ENTRIES SHOWN
┄┄┄┄┄┄┄┄┄┄┄┄┄┄┄┄┄┄┄┄

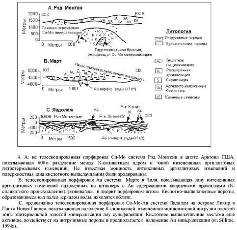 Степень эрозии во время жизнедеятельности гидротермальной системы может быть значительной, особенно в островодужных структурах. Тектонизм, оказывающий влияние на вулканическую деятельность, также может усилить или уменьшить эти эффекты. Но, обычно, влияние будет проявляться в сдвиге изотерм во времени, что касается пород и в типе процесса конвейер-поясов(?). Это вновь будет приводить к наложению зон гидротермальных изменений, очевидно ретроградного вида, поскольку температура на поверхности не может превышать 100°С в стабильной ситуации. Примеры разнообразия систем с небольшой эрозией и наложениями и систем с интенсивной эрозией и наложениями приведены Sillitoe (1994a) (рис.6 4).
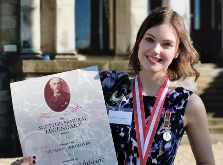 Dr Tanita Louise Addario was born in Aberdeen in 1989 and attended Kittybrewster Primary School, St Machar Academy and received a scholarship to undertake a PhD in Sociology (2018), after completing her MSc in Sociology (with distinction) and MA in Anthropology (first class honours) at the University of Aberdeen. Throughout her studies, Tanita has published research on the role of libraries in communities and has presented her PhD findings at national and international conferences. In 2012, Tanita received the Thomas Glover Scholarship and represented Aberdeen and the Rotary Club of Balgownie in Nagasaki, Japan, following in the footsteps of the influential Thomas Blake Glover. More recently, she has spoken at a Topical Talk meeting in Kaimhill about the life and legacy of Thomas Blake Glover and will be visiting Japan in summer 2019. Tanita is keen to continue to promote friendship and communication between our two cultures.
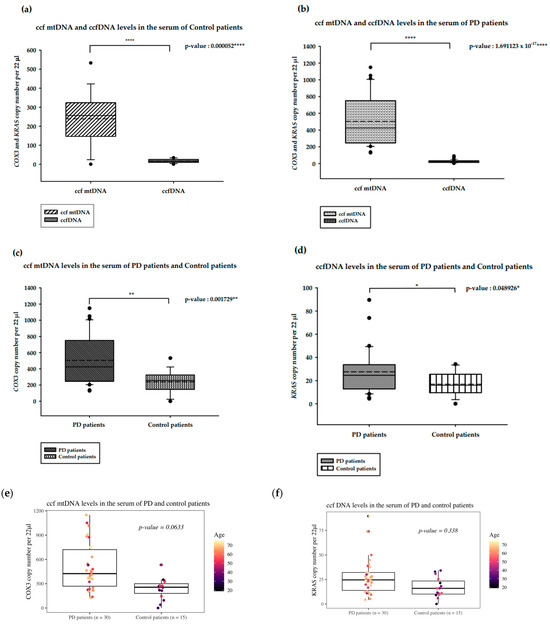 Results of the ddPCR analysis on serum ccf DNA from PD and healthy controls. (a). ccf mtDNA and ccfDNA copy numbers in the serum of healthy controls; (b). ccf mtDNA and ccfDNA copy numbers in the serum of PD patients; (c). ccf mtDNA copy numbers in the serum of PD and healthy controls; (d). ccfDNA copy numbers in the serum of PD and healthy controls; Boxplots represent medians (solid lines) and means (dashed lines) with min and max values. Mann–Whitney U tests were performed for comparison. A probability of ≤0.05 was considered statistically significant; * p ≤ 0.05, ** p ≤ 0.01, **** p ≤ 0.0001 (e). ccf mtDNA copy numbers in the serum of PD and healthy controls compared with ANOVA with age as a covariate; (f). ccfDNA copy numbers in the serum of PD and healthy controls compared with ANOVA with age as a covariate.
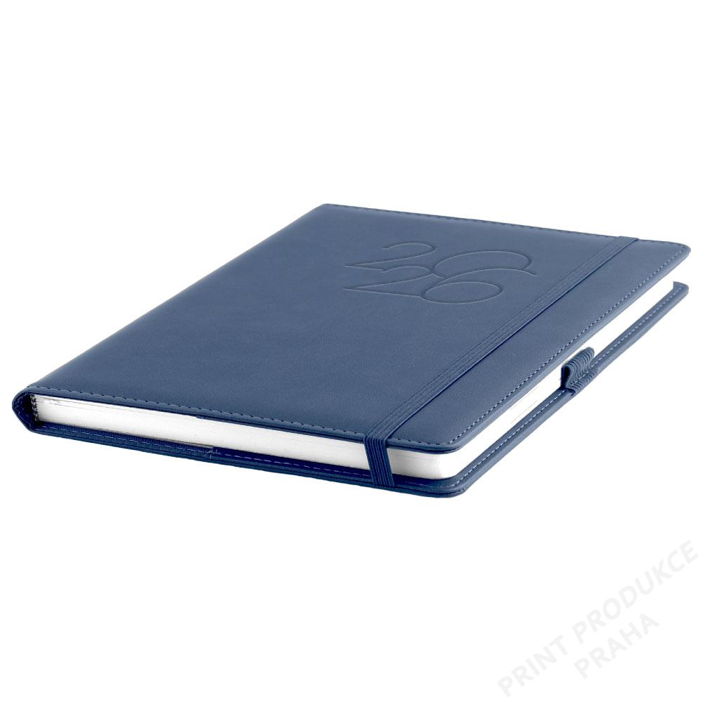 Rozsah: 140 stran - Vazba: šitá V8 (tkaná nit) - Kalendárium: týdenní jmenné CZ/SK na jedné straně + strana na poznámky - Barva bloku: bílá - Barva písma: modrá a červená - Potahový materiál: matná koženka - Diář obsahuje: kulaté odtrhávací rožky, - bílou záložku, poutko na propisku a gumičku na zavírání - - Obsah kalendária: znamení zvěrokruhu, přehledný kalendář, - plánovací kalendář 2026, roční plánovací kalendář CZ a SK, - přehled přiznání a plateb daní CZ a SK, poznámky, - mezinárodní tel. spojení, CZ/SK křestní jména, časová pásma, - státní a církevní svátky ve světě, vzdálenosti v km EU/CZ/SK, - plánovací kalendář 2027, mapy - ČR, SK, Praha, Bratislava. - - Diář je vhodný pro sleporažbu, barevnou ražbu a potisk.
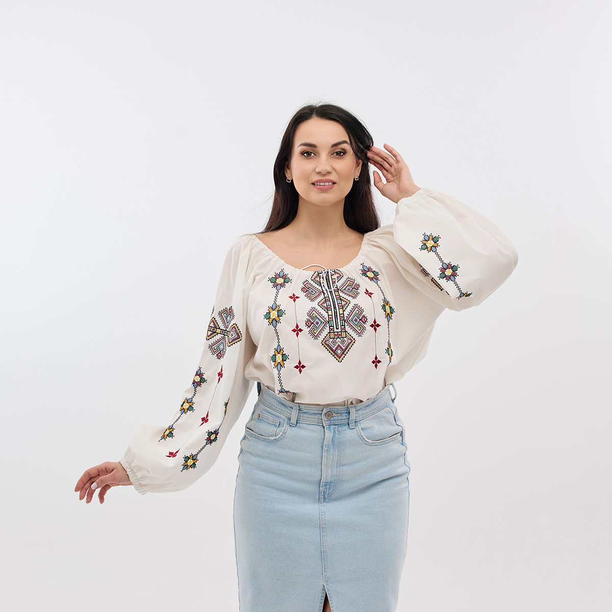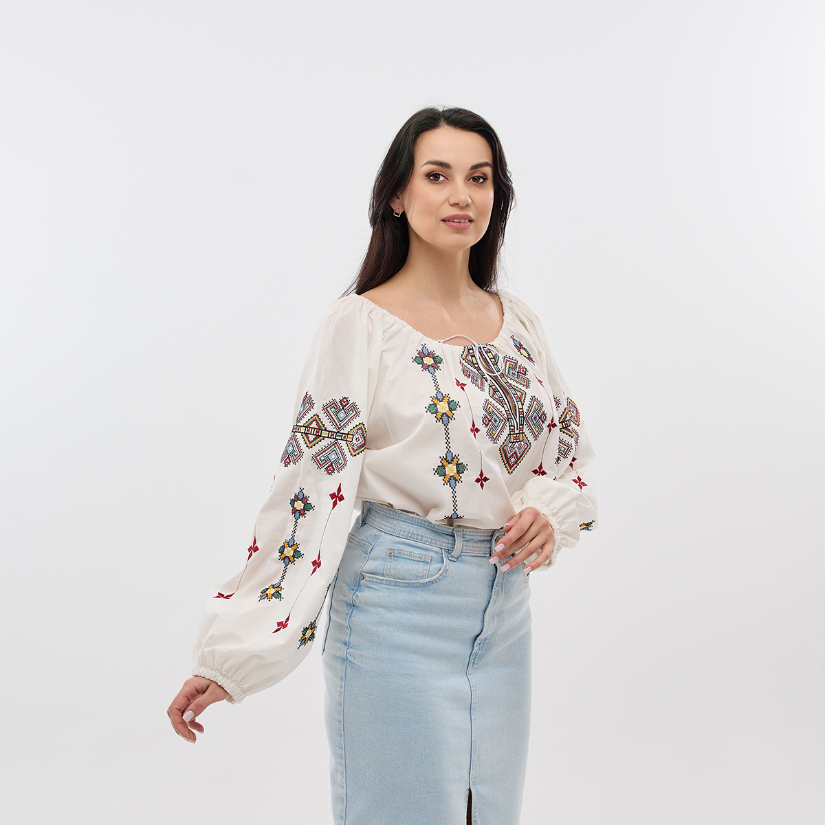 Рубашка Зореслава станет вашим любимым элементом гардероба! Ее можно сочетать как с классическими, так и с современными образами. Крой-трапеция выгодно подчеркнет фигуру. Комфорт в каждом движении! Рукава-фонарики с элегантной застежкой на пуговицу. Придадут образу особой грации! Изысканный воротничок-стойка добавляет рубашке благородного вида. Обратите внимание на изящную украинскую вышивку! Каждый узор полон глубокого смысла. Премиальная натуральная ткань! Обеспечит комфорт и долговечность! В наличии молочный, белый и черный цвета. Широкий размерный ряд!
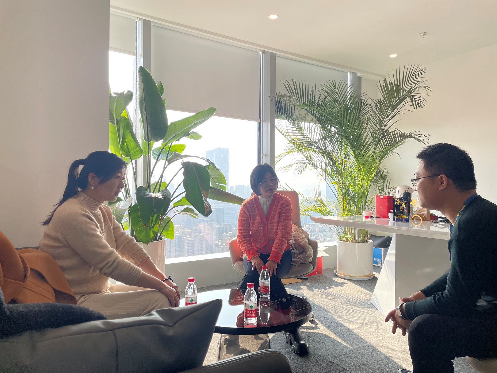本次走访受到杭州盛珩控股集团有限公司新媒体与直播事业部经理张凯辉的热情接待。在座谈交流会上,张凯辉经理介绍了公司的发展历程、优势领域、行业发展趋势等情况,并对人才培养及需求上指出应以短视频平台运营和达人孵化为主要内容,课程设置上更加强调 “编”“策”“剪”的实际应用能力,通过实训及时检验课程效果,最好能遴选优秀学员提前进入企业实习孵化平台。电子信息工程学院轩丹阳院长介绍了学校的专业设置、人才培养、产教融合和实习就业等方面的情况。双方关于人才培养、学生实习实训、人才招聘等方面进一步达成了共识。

┄┄┄┄┄┄┄┄┄┄┄┄┄┄┄┄┄┄┄┄

TASK ITEM
The data above should be set down again exactly, with the pictures omitted.

PROBLEM SOLUTION
 Степень эрозии во время жизнедеятельности гидротермальной системы может быть значительной, особенно в островодужных структурах. Тектонизм, оказывающий влияние на вулканическую деятельность, также может усилить или уменьшить эти эффекты. Но, обычно, влияние будет проявляться в сдвиге изотерм во времени, что касается пород и в типе процесса конвейер-поясов(?). Это вновь будет приводить к наложению зон гидротермальных изменений, очевидно ретроградного вида, поскольку температура на поверхности не может превышать 100°С в стабильной ситуации. Примеры разнообразия систем с небольшой эрозией и наложениями и систем с интенсивной эрозией и наложениями приведены Sillitoe (1994a) (рис.6 4).
 Dr Tanita Louise Addario was born in Aberdeen in 1989 and attended Kittybrewster Primary School, St Machar Academy and received a scholarship to undertake a PhD in Sociology (2018), after completing her MSc in Sociology (with distinction) and MA in Anthropology (first class honours) at the University of Aberdeen. Throughout her studies, Tanita has published research on the role of libraries in communities and has presented her PhD findings at national and international conferences. In 2012, Tanita received the Thomas Glover Scholarship and represented Aberdeen and the Rotary Club of Balgownie in Nagasaki, Japan, following in the footsteps of the influential Thomas Blake Glover. More recently, she has spoken at a Topical Talk meeting in Kaimhill about the life and legacy of Thomas Blake Glover and will be visiting Japan in summer 2019. Tanita is keen to continue to promote friendship and communication between our two cultures.
 Results of the ddPCR analysis on serum ccf DNA from PD and healthy controls. (a). ccf mtDNA and ccfDNA copy numbers in the serum of healthy controls; (b). ccf mtDNA and ccfDNA copy numbers in the serum of PD patients; (c). ccf mtDNA copy numbers in the serum of PD and healthy controls; (d). ccfDNA copy numbers in the serum of PD and healthy controls; Boxplots represent medians (solid lines) and means (dashed lines) with min and max values. Mann–Whitney U tests were performed for comparison. A probability of ≤0.05 was considered statistically significant; * p ≤ 0.05, ** p ≤ 0.01, **** p ≤ 0.0001 (e). ccf mtDNA copy numbers in the serum of PD and healthy controls compared with ANOVA with age as a covariate; (f). ccfDNA copy numbers in the serum of PD and healthy controls compared with ANOVA with age as a covariate.
 Rozsah: 140 stran - Vazba: šitá V8 (tkaná nit) - Kalendárium: týdenní jmenné CZ/SK na jedné straně + strana na poznámky - Barva bloku: bílá - Barva písma: modrá a červená - Potahový materiál: matná koženka - Diář obsahuje: kulaté odtrhávací rožky, - bílou záložku, poutko na propisku a gumičku na zavírání - - Obsah kalendária: znamení zvěrokruhu, přehledný kalendář, - plánovací kalendář 2026, roční plánovací kalendář CZ a SK, - přehled přiznání a plateb daní CZ a SK, poznámky, - mezinárodní tel. spojení, CZ/SK křestní jména, časová pásma, - státní a církevní svátky ve světě, vzdálenosti v km EU/CZ/SK, - plánovací kalendář 2027, mapy - ČR, SK, Praha, Bratislava. - - Diář je vhodný pro sleporažbu, barevnou ražbu a potisk.
 Рубашка Зореслава станет вашим любимым элементом гардероба! Ее можно сочетать как с классическими, так и с современными образами. Крой-трапеция выгодно подчеркнет фигуру. Комфорт в каждом движении! Рукава-фонарики с элегантной застежкой на пуговицу. Придадут образу особой грации! Изысканный воротничок-стойка добавляет рубашке благородного вида. Обратите внимание на изящную украинскую вышивку! Каждый узор полон глубокого смысла. Премиальная натуральная ткань! Обеспечит комфорт и долговечность! В наличии молочный, белый и черный цвета. Широкий размерный ряд!
本次走访受到杭州盛珩控股集团有限公司新媒体与直播事业部经理张凯辉的热情接待。在座谈交流会上,张凯辉经理介绍了公司的发展历程、优势领域、行业发展趋势等情况,并对人才培养及需求上指出应以短视频平台运营和达人孵化为主要内容,课程设置上更加强调 “编”“策”“剪”的实际应用能力,通过实训及时检验课程效果,最好能遴选优秀学员提前进入企业实习孵化平台。电子信息工程学院轩丹阳院长介绍了学校的专业设置、人才培养、产教融合和实习就业等方面的情况。双方关于人才培养、学生实习实训、人才招聘等方面进一步达成了共识。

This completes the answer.